▸ PROVIDED DATA:
# # #
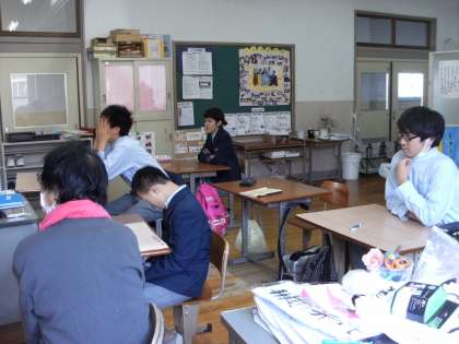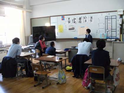 1組は生活で、昨日行われた専門委員会の報告を学級にしていました。
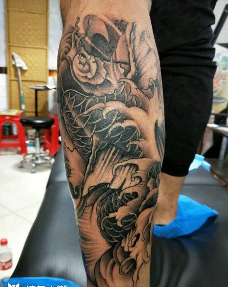 • T网红王老大花腿龙纹身图片_腿部新传统纹身图案
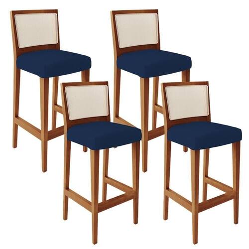 O Kit 04 Banquetas Alta Para Cozinha Sala de Jantar Fixa Telado Branco Zion L02 Suede Azul Marinho - Lyam Decor, possui um estilo rustico que faltava para deixar sua casa ainda mais clássica. Seu encosto com o detalhe de tela sintética na cor branca trazem ainda mais estilo e destaque para sua decoração, junto com assento estofado que proporciona de conforto. A estrutura e o apoio para os pés, são responsáveis por garantir maior segurança à mesma.
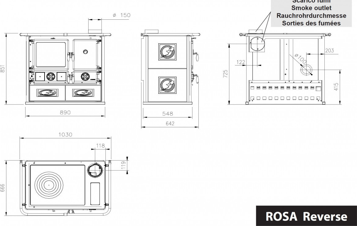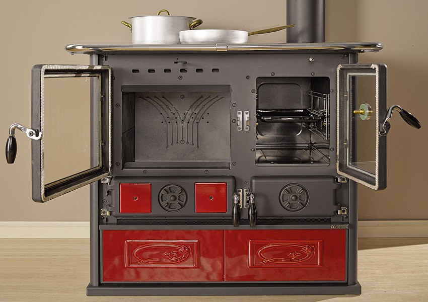 Přepínací klapka na výstupu kouře s kamen umožňuje vyřadit z provozu troubu (např. v létě) a tím používat sporák jen na vaření s menším vyzařováním tepla. Dvířka pod ohništěm se používají na popelník, stejná dvířka vedle ukrývají prázdný prostor na ohřívání nebo sušení. Úplně dole je velký vysouvací šuplík, který se používá jako zásobník dřeva. Výstup a napojení na komín je vždy na pravé straně nahoře a může být upraven také dozadu. Ovládací kličky mají izolovaná držadla, která snižují popálení, chromovaný rám kolem dokola chrání proti spálení od okrajů plotny.
# # #
▸ ASSIGNED TASK: The copy must reproduce the listing above verbatim and contain no pictures.

▸ SOLUTION TO THIS EXERCISE:
 1組は生活で、昨日行われた専門委員会の報告を学級にしていました。
 • T网红王老大花腿龙纹身图片_腿部新传统纹身图案
 O Kit 04 Banquetas Alta Para Cozinha Sala de Jantar Fixa Telado Branco Zion L02 Suede Azul Marinho - Lyam Decor, possui um estilo rustico que faltava para deixar sua casa ainda mais clássica. Seu encosto com o detalhe de tela sintética na cor branca trazem ainda mais estilo e destaque para sua decoração, junto com assento estofado que proporciona de conforto. A estrutura e o apoio para os pés, são responsáveis por garantir maior segurança à mesma.
 Přepínací klapka na výstupu kouře s kamen umožňuje vyřadit z provozu troubu (např. v létě) a tím používat sporák jen na vaření s menším vyzařováním tepla. Dvířka pod ohništěm se používají na popelník, stejná dvířka vedle ukrývají prázdný prostor na ohřívání nebo sušení. Úplně dole je velký vysouvací šuplík, který se používá jako zásobník dřeva. Výstup a napojení na komín je vždy na pravé straně nahoře a může být upraven také dozadu. Ovládací kličky mají izolovaná držadla, která snižují popálení, chromovaný rám kolem dokola chrání proti spálení od okrajů plotny.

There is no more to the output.